Overall, we expected repeated action requirements (single → single, dual → dual) to yield performance benefits, serving as a proof of concept for the underlying assumption that unchanged cognitive representations result in (relative) benefits. However, the Gestalt and Structuralist accounts of dual-action representation fundamentally differ with respect to predictions for action type switches, thereby allowing (probably for the first time) for a rigorous experimentum crucis (Table 1): If the Structuralist account is true, dual responses (e.g., simultaneous processing of responses [A + B]) should share cognitive representations with either component response ([A], [B]), and thus a switch from [A + B] to [A] should result in better performance than a switch from [B] to [A] (partial repetition benefit for single responses). Similarly, the A-part of [A + B] should be performed better when preceded by [A] instead of [B] (partial repetition benefit for dual responses).
Most importantly, RTs did not significantly differ between partial repetition and switch conditions in Experiments 1–3 (p > .12 for all post hoc LSD contrasts, see Table 3 for a complete overview of ANOVA results). That is, there was no statistical evidence whatsoever for a partial repetition benefit in any of these experiments involving spatial dimensional overlap between responses across effector systems (see Fig. 2). Also note that the maximum border of the 95% CI for the partial repetition benefit amounted to 11 ms, 3 ms, 12 ms, and 15 ms (for Experiments 1A, 1B, 2, and 3, respectively), which is clearly too small to be compatible with the assumption of a meaningful partial repetition benefit overall (especially when compared to the size of the full repetition benefit, see Fig. 2). Specifically, the maximum border of the 95% CIs (see above) never includes an (absolute) effect size of 36 ms that was reported in a previous study for a partial repetition benefit in single task trials, or of 18/62 ms that were previously reported as partial repetition benefits for dual-task trials 12 , serving as a smallest effect size of interest. Therefore, in accordance with typical procedures recommended for equivalence testing 19 , we can conclude that there is significant statistical evidence for the absence of a meaningful partial repetition benefit effect throughout Experiments 1–3.

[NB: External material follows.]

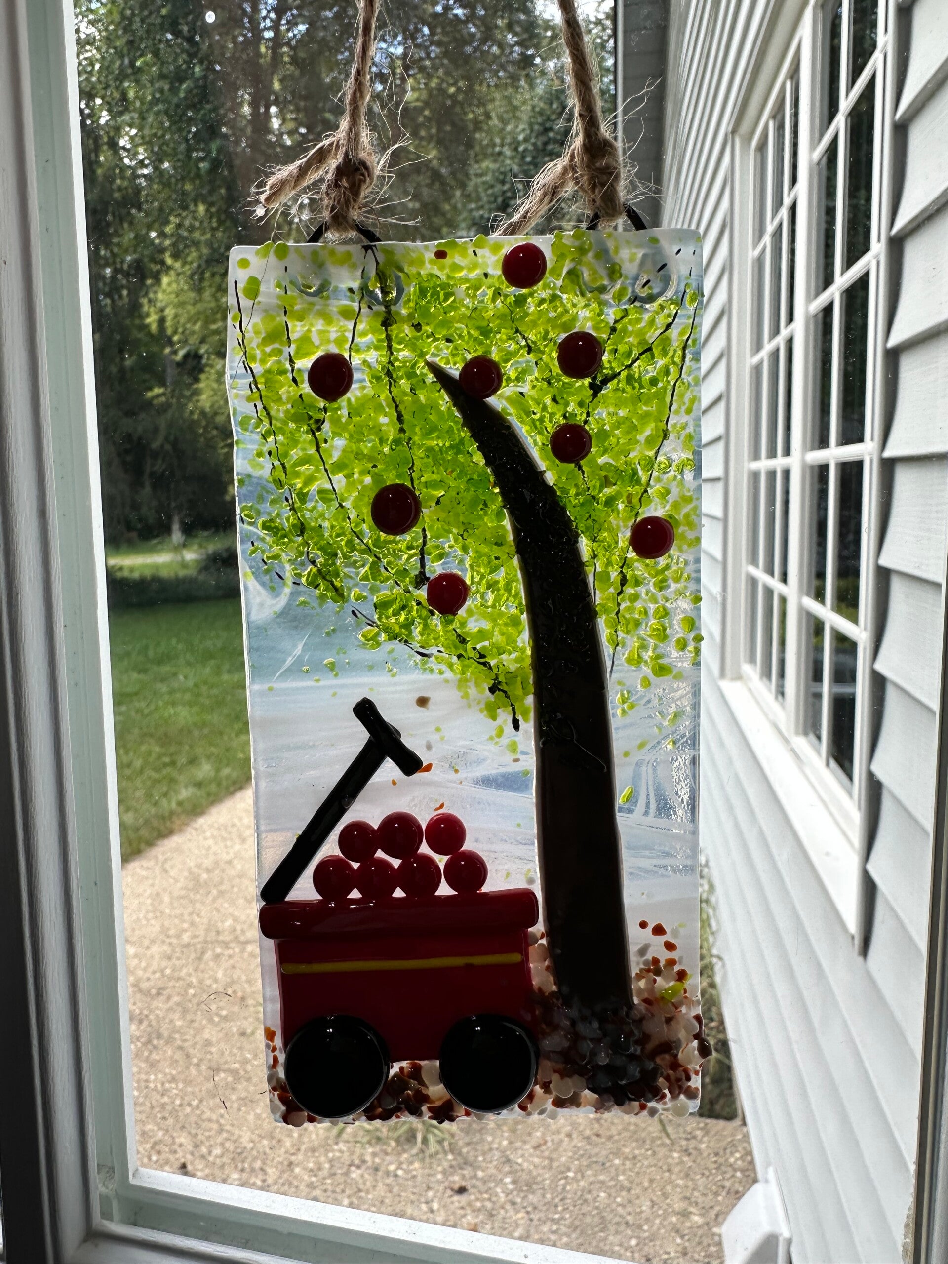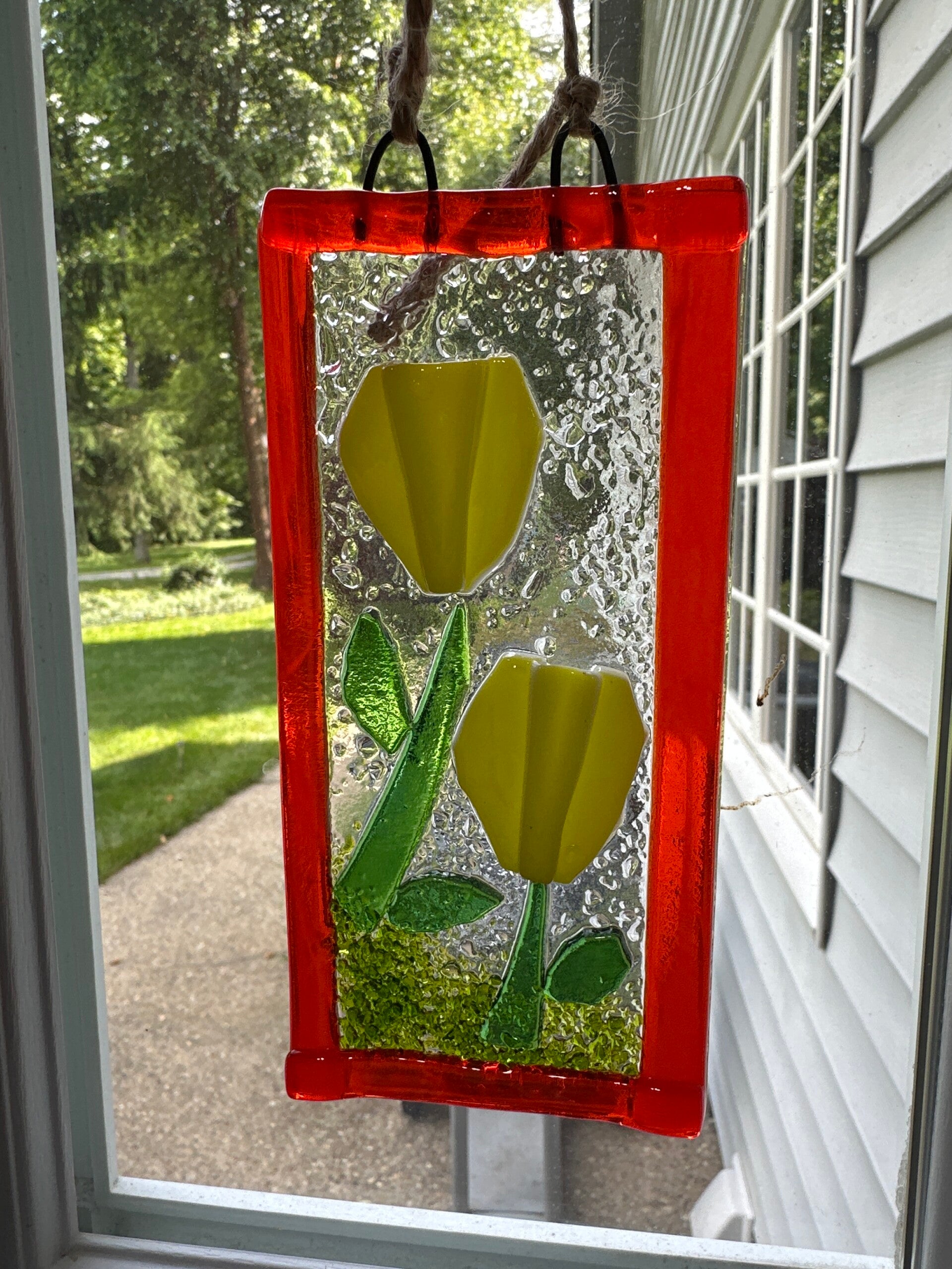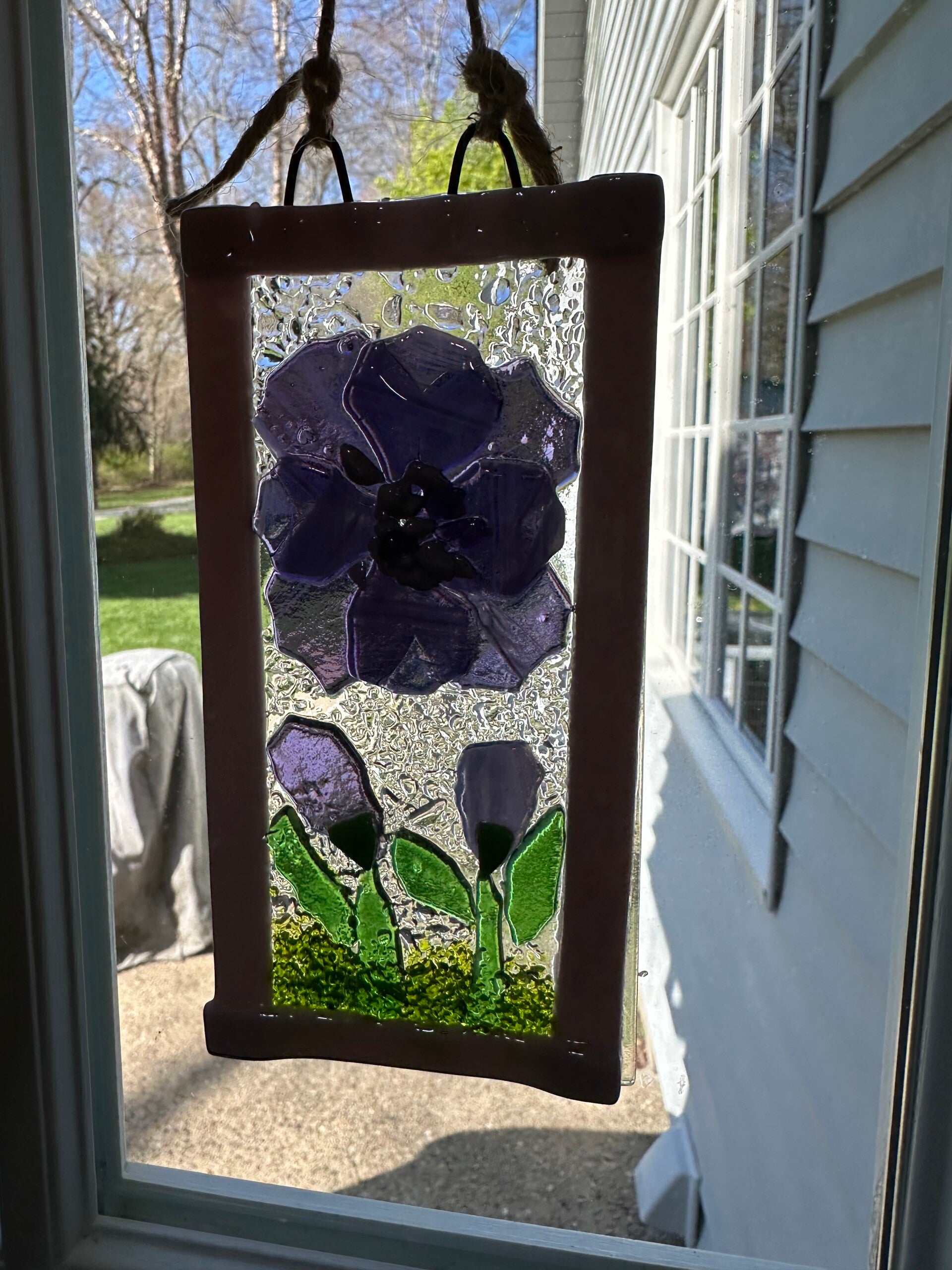 Each design varies slightly in glass colors due to glass availability or artists mood.
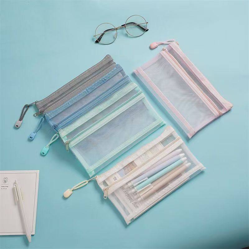 透明网纱笔袋尼龙文具袋大容量可带入考场铅笔袋女孩小学生初中生

Table 3 ANOVA results.Thus, even though in Experiment 2 separate stimuli were used to trigger both responses (based on the idea that separate stimulation of two responses might counteract Gestalt formation), we still observed evidence for Gestalt representations. Likewise, even though in Experiment 3 the two spatial responses were spatially incompatible in half of the dual-response trials (based on the idea that the presence of spatially incompatible responses might prevent Gestalt formation), these situations also evidently still enabled Gestalt representations.

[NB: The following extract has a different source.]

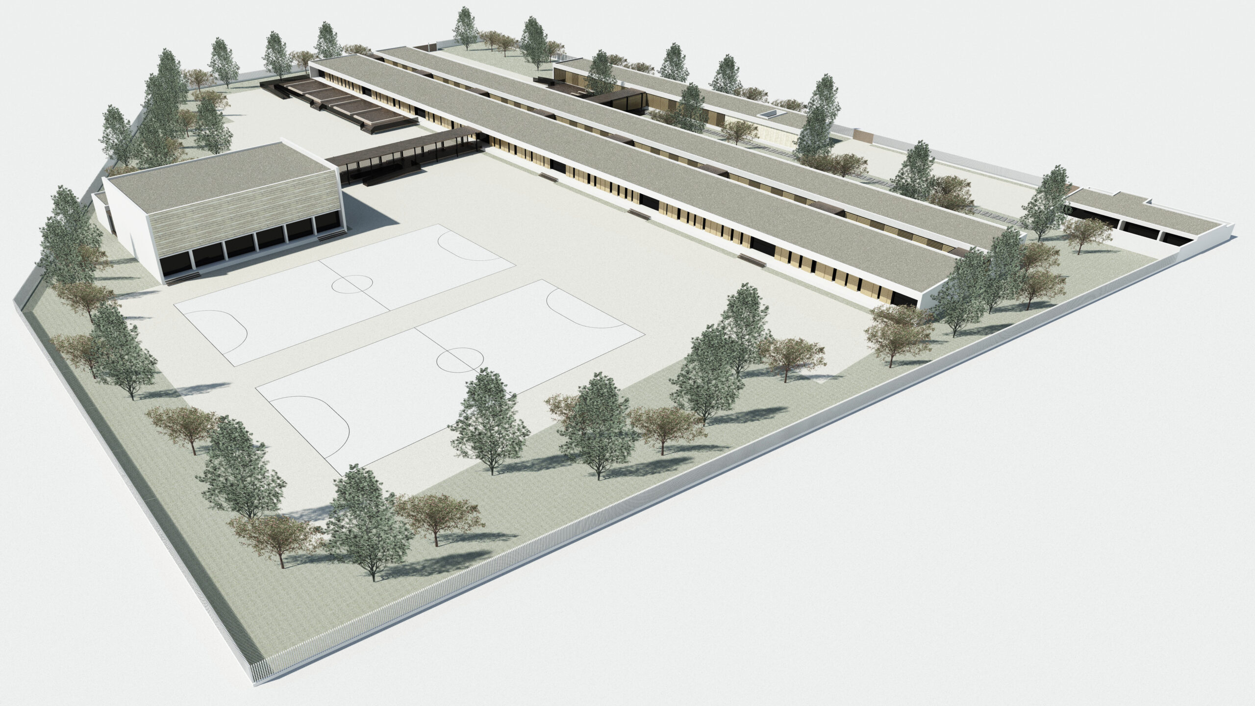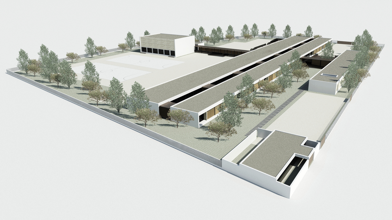 Descripción: Colegio de educación infantil y primaria en Carpesa. Ubicado estratégicamente en en el cruce de las vías de acceso a la población y orientado a sur. El proyecto se desarrolla en una sola planta mediante volúmenes paralelos conectados transversalmente por un eje de circulación que divide el edificio, así como el espacio exterior, en las zonas de infantil y primaria respectivamente.

Importantly, however, in Experiment 4, where we completely removed any spatial dimensional overlap between responses, the data pattern was fundamentally different: Here, a statistically robust overall partial repetition effect (95% CI 26–79 ms overall, see Fig. 2) emerged for the vocal dual-task condition, indicating the lack of robust Gestalt formation in the absence of a common (spatial) dimension for the two component responses in Experiment 4. Note though that we did not find this similarly for the manual dual-task condition, where a deviant pattern in RTs was observed, as indicated by the corresponding interactions. The fact that these partial repetition benefits were present in the vocal (but not in the manual) responses might be due to the fact that in manual-vocal dual tasks, vocal response processing is typically prioritized 20,21 and might thus benefit more from repeated (component) responses. Note that this finding of partial repetition benefits in Experiment 4 is further supported by two other recent studies that analyzed switches between single- and dual-task trials in situations also characterized by low (spatial) cross-task dimensional overlap 12,13 . Together, this is very robust empirical evidence for compositional, Structuralist action representation when (via the absence of dimensional overlap) a crucial precondition of action Gestalt formation is removed.

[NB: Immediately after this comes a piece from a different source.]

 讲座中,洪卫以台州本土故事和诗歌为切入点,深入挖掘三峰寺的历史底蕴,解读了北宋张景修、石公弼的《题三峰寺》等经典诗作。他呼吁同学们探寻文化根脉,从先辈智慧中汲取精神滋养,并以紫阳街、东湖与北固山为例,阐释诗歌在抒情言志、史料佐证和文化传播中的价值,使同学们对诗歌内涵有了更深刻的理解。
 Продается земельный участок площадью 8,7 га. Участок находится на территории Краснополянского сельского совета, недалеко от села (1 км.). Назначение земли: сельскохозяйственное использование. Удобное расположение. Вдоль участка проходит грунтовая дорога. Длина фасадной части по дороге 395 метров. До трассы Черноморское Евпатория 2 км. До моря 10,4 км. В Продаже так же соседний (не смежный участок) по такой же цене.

Finally, we additionally re-analyzed the RT data by excluding all trials involving the successive execution of exactly the same response requirements (full stimulus repetitions involving response direction repetitions such as left → left), as one might argue that repetition priming (due to repeating the exact same stimulus–response episode) might distort the results. However, this did not substantially alter the pattern of transition effects (see Table 3), indicating that the findings were not solely driven by specific identity priming mechanisms. In addition, this observation empirically supports our tenet that the relevant response components here are defined by effector modalities (e.g., [A] refers to manual, [B] to vocal), not by response direction (see also 22 ). Note that we also did not find any evidence for partial repetition benefits when only analyzing consecutive trials involving the same spatial response direction in Experiments 1–2, where a sufficient number of corresponding trials was available. Finally, refraining from the exclusion of trials with (uninstructed) saccade execution (in Experiments 1A, 2, 3, 4) also did not change the overall pattern of results.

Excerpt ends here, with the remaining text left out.